The Painful Truth: A Conference on Gender and Pain Research, held last month at the University of Maryland-Baltimore, set out to examine differences in pain perception and treatment between men and women. According to a
FoxNews.com report on the conference, the conference included a two-day closed-door meeting in the hopes of creating recommendations for standardizing pain research, so that it could begin to take into account some of the key differences. The conference was sponsored by
the Sex, Gender, and Pain Special Interest Group of the International Association for the Study of Pain.

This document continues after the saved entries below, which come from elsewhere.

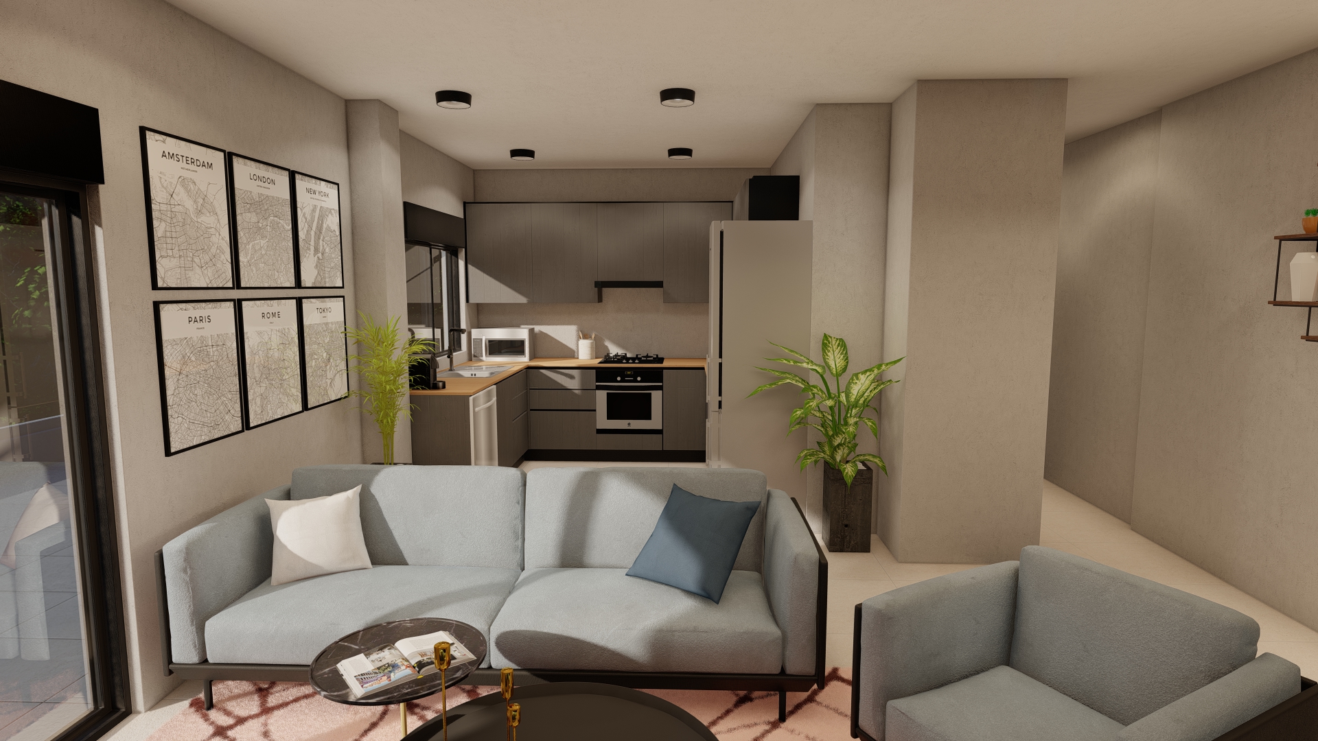 Έτσι,το κτίριο θα αποτελείται από δεκαπέντε διαμερίσματα που διαθέτουν όλα εξώστες και τοποθετούνται προς την πλευρά του δρόμου σε άμεση συσχέτιση με την ζωή της γειτονιάς. Επιπλέον ,οι χώροι του ύπνου τοποθετούνται προς τον ακάλυπτο χώρο ,δηλαδή προς την ήσυχη πλευρά του οικοπέδου. Η υποχώρηση του κτιρίου από την οικοδομική γραμμή δημιουργεί μία ουδέτερη ζώνη ανάμεσα στο κτίριο και το δημόσιο χώρο. Τέλος,η στάθμη του ισογείου θα χρησιμοποιηθεί ως χώρος θέσεων στάθμευσης ενώ στο υπόγειο θα αναπτύσσονται βοηθητικοί χώροι και κλειστοί χώροι στάθμευσης με σκοπό κάθε ένοικος να διαθέτει την δική του θέση στάθμευσης και αποθήκη.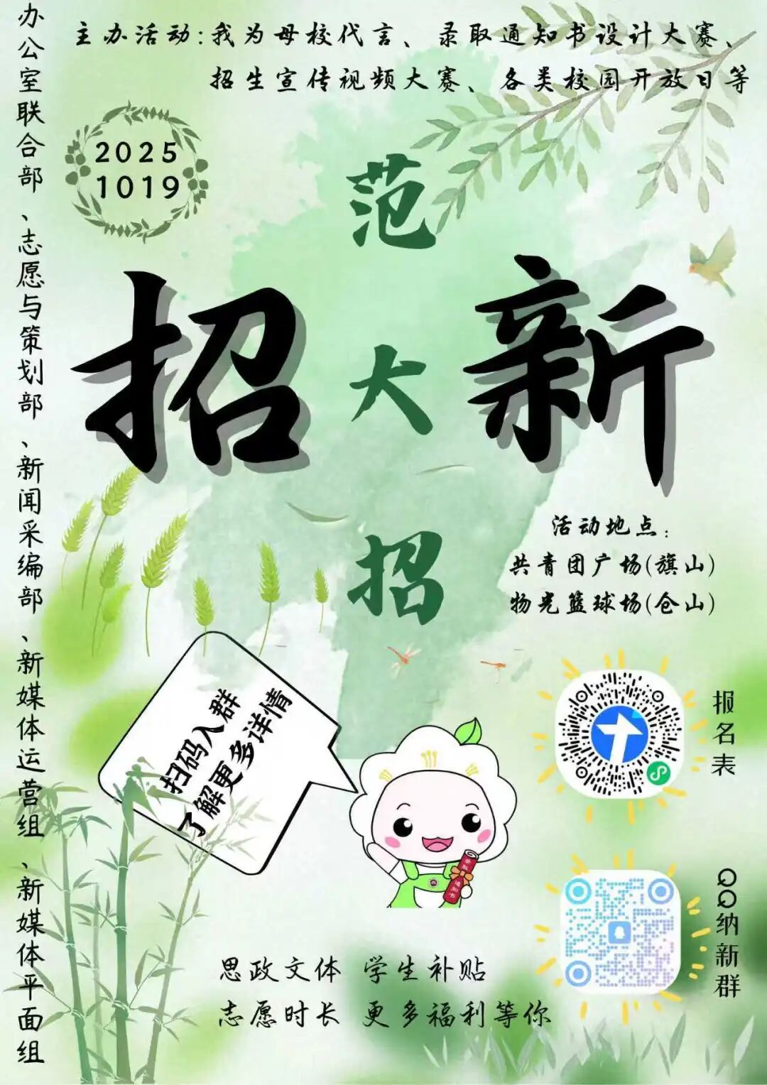 活动彩蛋:纳新当天现场参与互动,还能领取“范大招”精美奖品,解锁专属社团记忆!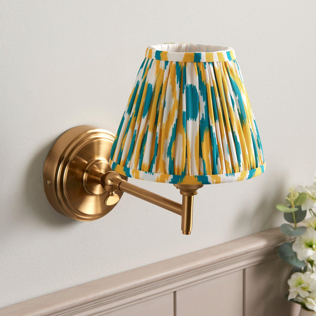 Step Fold Brass Wall Light & Ikat 16cm Yellow & Jade Shade

Joel D Greenspan, a conference organizer, said that pain research lacks "guidelines to guarantee consistency from study to study." Women and men, as is often the case in neurological studies, were being grouped together when their responses might be very different. The FoxNews.com report claims that "recent studies" show that men are more likely to be prescribed painkillers than women, but
Paulose-Ram et al. (2003) did not show any significant difference between prescription painkiller use between men and women. One of the main issues to be addressed is whether it is feasible or useful to create painkillers that work for one sex, but not for the other, something of a hot topic in the the study of pharmacology (see articles
here and
here -- discussion, not research). (Also see
Pink Pills and Blue Pills for the last Difference Blog discussion of this topic).
Today's entry is a bit rushed, and I apologize. I have to run off to go get a pelvic ultrasound. After three years of not menstruating, my doctor wants to make sure there's no problems developing with my dormant (but otherwise intact) uterus. Honestly, I know there are lots of other parts that can go wrong in some of the systems I don't have (for example, I'll never have to get a prostate exam), but a lot of the time it really feels like I got the short end of every stick (no pun intended).
But thinking about my frequent doctor's visits in reference to today's topic (pain management), I worry about what the "future of pain management" holds for irregular cases such as myself. Most of the pain literature seems to focus on hormonal differences. My hormone levels are artificially induced, and in all likelihood, mismatched to my neural structure. Which drug will I use?